木曜日, 7月 24, 2008

魔王の恋は

嵐・大野智と、生田斗真のダブル主演「魔王」。第3回の前の大野君の『迷惑メール』に、魔王に恋心、って書いてありました。が、悩んでしまいました。どうも、分からなかったんです。結局、近づいてもハンカチ一枚だし。

図書館に芹沢(生田斗真)がしおりさんを送って来た時、成瀬(大野智)と会って、「石本を殺した者を絶対に許さない」と言われた後、成瀬は延々としおりさんへ思いを馳せていました。あの表情は、何だったんでしょう。

あれが、恋心?

あの場面で、どういう恋心?

私にはよく分からなくて、成瀬が自分の復讐にしおりさんをどう利用しようかと考えているみたいにも見えました。

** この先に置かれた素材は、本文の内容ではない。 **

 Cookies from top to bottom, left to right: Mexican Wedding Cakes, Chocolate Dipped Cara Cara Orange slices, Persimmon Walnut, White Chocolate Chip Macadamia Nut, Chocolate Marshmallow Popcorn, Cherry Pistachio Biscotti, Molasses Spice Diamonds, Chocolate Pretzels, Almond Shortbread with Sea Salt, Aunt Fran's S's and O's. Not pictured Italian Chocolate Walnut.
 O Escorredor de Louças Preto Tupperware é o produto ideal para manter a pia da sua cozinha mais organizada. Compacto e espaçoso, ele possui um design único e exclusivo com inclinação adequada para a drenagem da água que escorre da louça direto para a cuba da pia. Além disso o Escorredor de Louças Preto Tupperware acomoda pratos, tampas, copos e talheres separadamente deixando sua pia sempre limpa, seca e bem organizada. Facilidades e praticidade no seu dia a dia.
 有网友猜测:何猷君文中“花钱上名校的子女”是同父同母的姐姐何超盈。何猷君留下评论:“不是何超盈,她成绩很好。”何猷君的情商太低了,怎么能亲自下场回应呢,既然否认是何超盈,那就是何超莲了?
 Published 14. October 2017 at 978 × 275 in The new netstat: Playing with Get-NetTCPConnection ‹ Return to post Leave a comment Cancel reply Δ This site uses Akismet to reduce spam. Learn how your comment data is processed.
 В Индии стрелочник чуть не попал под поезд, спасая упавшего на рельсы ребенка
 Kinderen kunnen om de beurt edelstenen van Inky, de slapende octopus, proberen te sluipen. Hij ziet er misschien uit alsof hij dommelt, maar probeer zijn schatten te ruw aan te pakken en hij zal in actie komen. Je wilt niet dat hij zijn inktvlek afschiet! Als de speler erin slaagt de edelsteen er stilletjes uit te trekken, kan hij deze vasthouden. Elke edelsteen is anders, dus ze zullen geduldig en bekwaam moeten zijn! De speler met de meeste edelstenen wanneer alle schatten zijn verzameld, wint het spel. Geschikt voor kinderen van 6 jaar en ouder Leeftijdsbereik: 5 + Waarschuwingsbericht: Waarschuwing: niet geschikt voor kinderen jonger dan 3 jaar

しおりさんに触れて自分の罪を悔いるようになったようにも見えないし。しおりさんを幸せにしたいと思っている風にも見えないし。

成瀬は、『ファウスト』の一節を引いて「悪魔と契約を結んだ」と言いながら、教会と聖歌と、百合の花とマリア像と十字架が好きな、妙な魔王なんです

石本を(熊田弁護士じゃなかったですね、間違えました)殺した後、成瀬はマリア像の前で清々しく「百合の花言葉は聖母マリアの象徴」と語っていました。まるで、この殺人が聖母マリアの意にかなったことであると、考えているかのように。

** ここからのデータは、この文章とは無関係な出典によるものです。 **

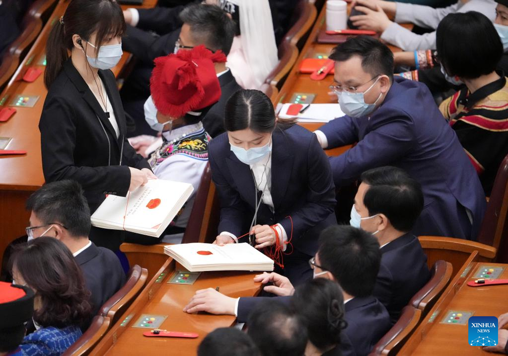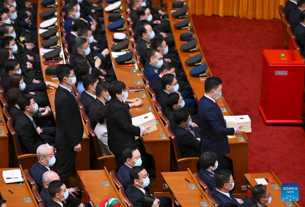 Staff members distribute ballots at the fourth plenary meeting of the first session of the 14th National People's Congress (NPC) at the Great Hall of the People in Beijing, capital of China, March 11, 2023. (Xinhua/Xing Guangli)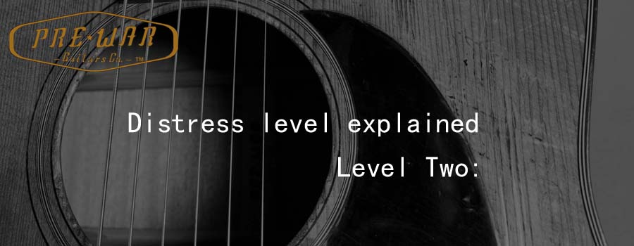 Starting at level 1 our "distress level" is a critical component to the vintage sound that we are able to achieve. Our finishes are ultra thin Nitro Cellulose. We apply this to be of minimal thickness, which is a crucial ingredient to the sound of our guitars. Our ultra thin finish has a natural vintage patina because if the way it is applied, it is also "checked" to relieve the surface tension and get a more open and dry tone. A thin "checked" finish with a natural vintage patina is the baseline finish on all Pre-War Guitars. By not applying a thick "Ferrari Glass" finish we allow our instruments to breathe freely with vintage character and tone.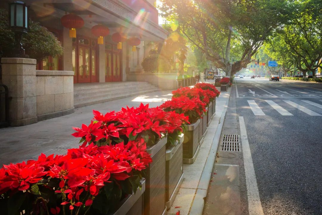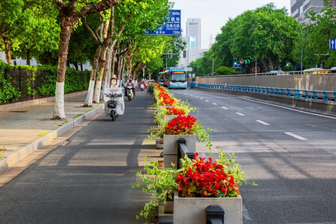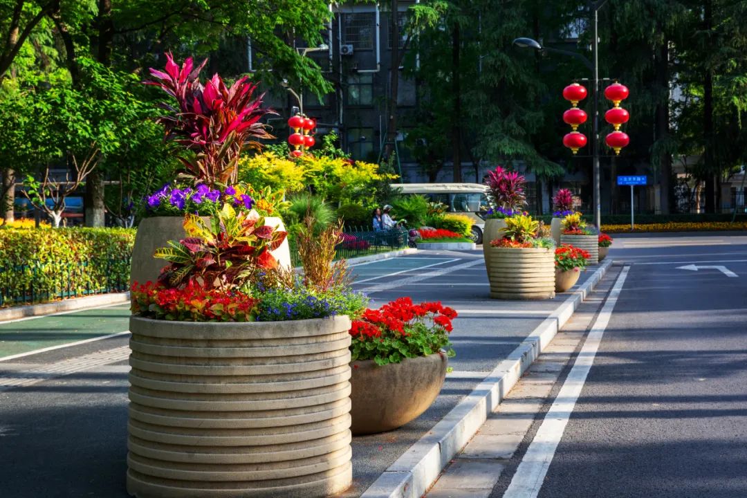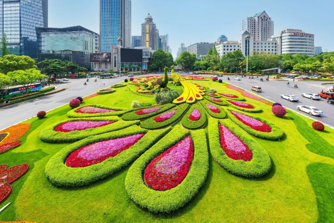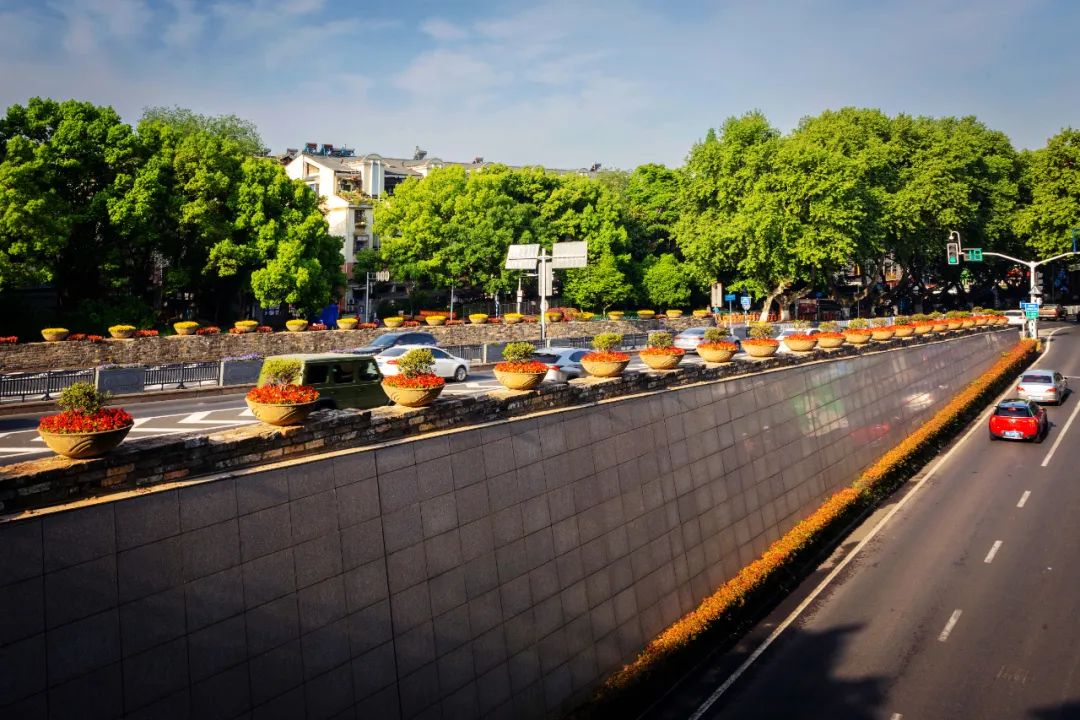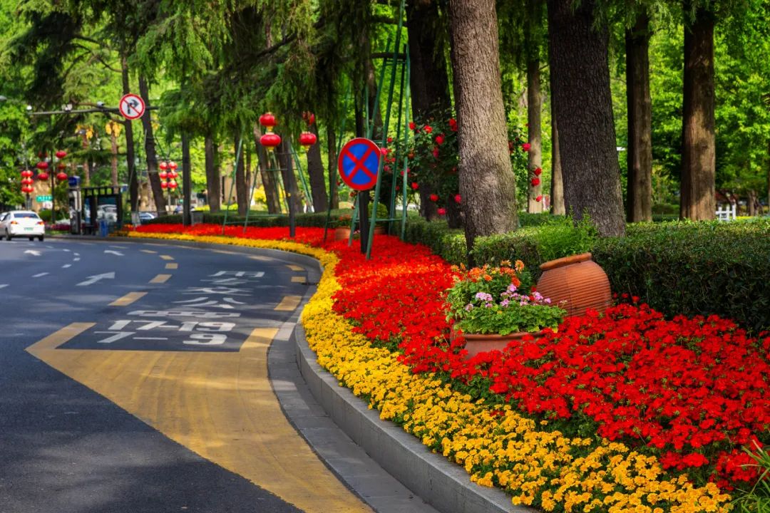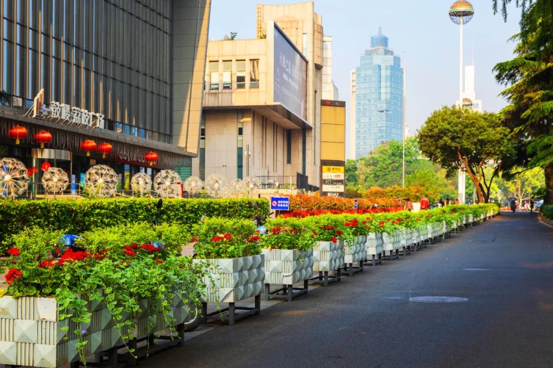 對市府門前路、長江路、九華山站、荔枝廣場、中山門城墻等重要節點容器花箱、花球、燈桿掛花及新街口東北角綠地進行花卉布置,選用朱蕉、羽扇豆、毛地黃、天竺葵、桑貝斯鳳仙、金雀、澳洲朱蕉、變葉木、四季海棠、鼠尾草、歐石竹、垂掛牽牛等花卉,以色彩鮮明、層次豐富的設計感,裝扮城市街角,營造濃厚的節日氣氛。

どんな殺人も本来、神の名のもとに正当化されることは、ありません。

けれど、考えてみると、十字軍とか、あるわけですね。神の名のもとに正当化されたことも、あるのです。

これは、無敵です。そう考えている人を止める事は、大変です。それが正しいと信じてしまっているわけだから。

成瀬は、復讐はいけないと知っているから、そうせざるを得ない自分がある時、神の名を借りねば実行できない人なんでしょう。あの赤い部屋で11年間、積み重ねられ熟成されてしまった悲しみが、全てに勝る真実になってしまっているのです。

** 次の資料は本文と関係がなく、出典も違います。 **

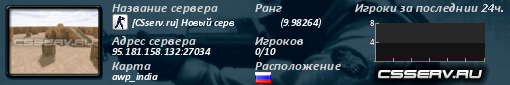 |  |  | 95.181.158.132:27034 | [CSserv.ru] Новый сервер | de_dust2_2x2 |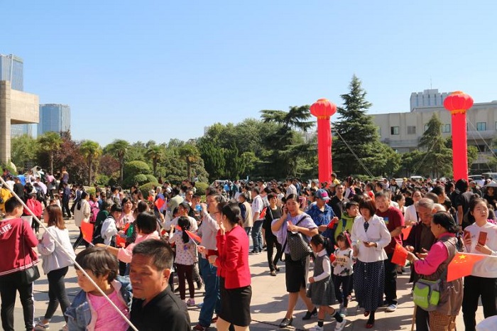 10月1日上午,金風送爽,陽光明媚,河南博物院廣場上彩柱聳立,國旗飄揚,眾多家庭扶老攜幼,以參觀河南博物院,感受中原歷史文化的形式慶祝新中國六十九歲華誕!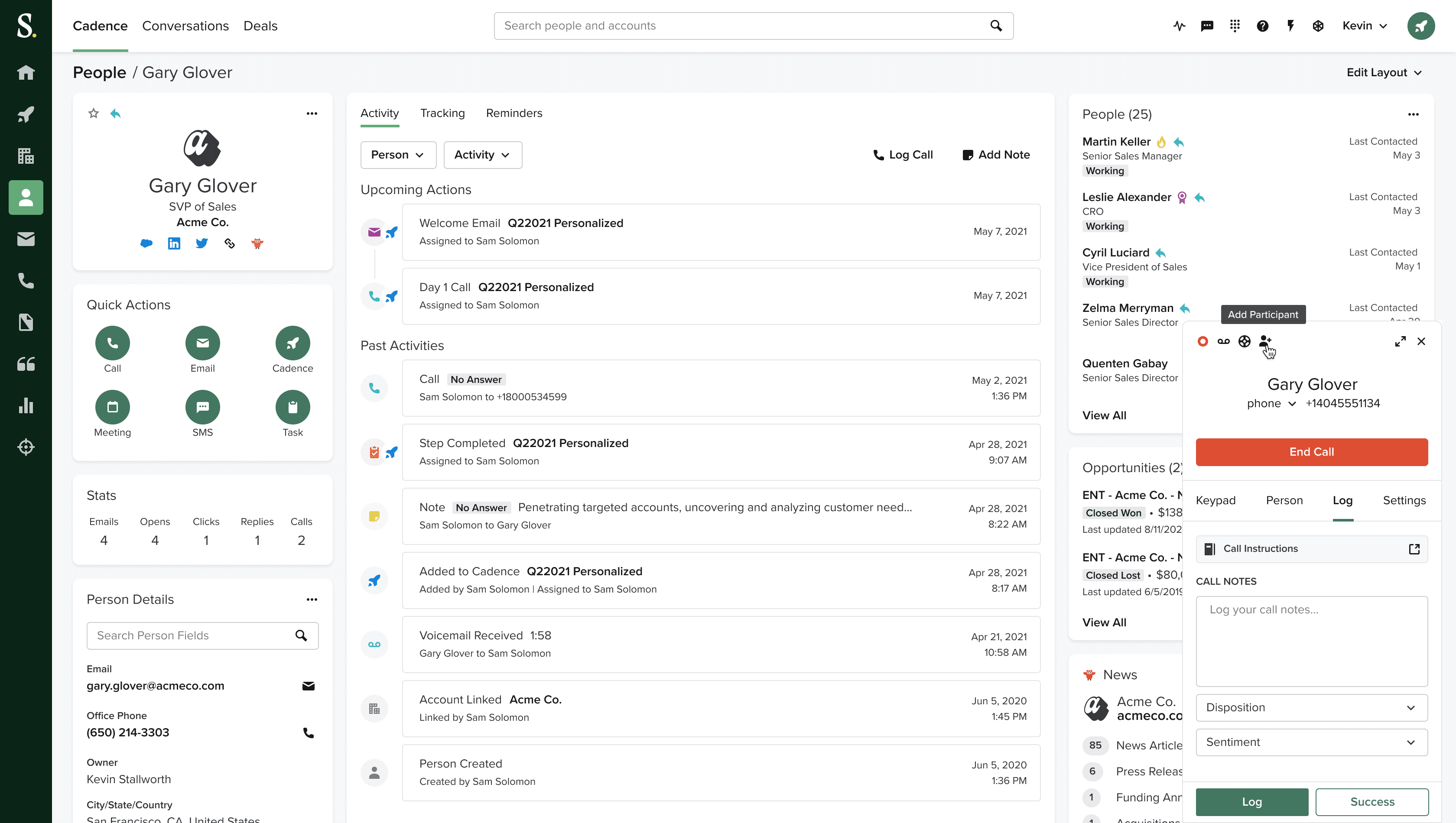 Cadences: multi-channel outreach automation with embedded coaching triggers

主題歌『Truth』。この『真実』って、どういう意味なんでしょう。正しいっていう意味じゃないような気がします。どうしても譲ることのできない、何に対しても優先する、絶対に否定できないこと、みたいな意味かな。

積み重なった悲しみがあるから、どうしても復讐せねばならなくて、それは神の意にもかなっているのです、成瀬さんにとっては。

第3話の教会シーン、成瀬はしおりさんに「悪魔は他の所に居る」と言いながら、十字架を見ていました。他の所、って、自分なのだけれど、成瀬にとっては自分が悪魔になっている事は神の意にかなってるのでしょう。

狂ってるね。

この、成瀬の恋心は。

しおりさんを幸せにする恋心ではなく、自分の悲しみを、理解して欲しいということでしょう。復讐も、是認して欲しいんでしょう。

そう思ってやっと、図書館前のあの表情が分かったような気がしました。

でも、タロットカードをしおりさんに送って、やってることは、しおりさんをも復讐劇に巻き込んでいくようなこと。しおりさんが言っていたように、結局、悪魔として復讐のためにしおりさんを操っているのと、同じです。

しおりさん、いくら成瀬が男前だからって、こういう男に近づいちゃダメなのに。

成瀬、しおりさんを道連れにせず、自分だけで地獄に落ちなくちゃダメ。

だけど、両親を亡くした者同士、「同じ匂いを感じて」惹かれあっているのね。

しおりさんとの因縁はまだ他にもあるのかもしれません。11年前の事件の第1発見者みたいだし。芹沢としおりさんの距離もぐっと近くなって、今後の展開はまだまだ謎です。  第4回も楽しみです。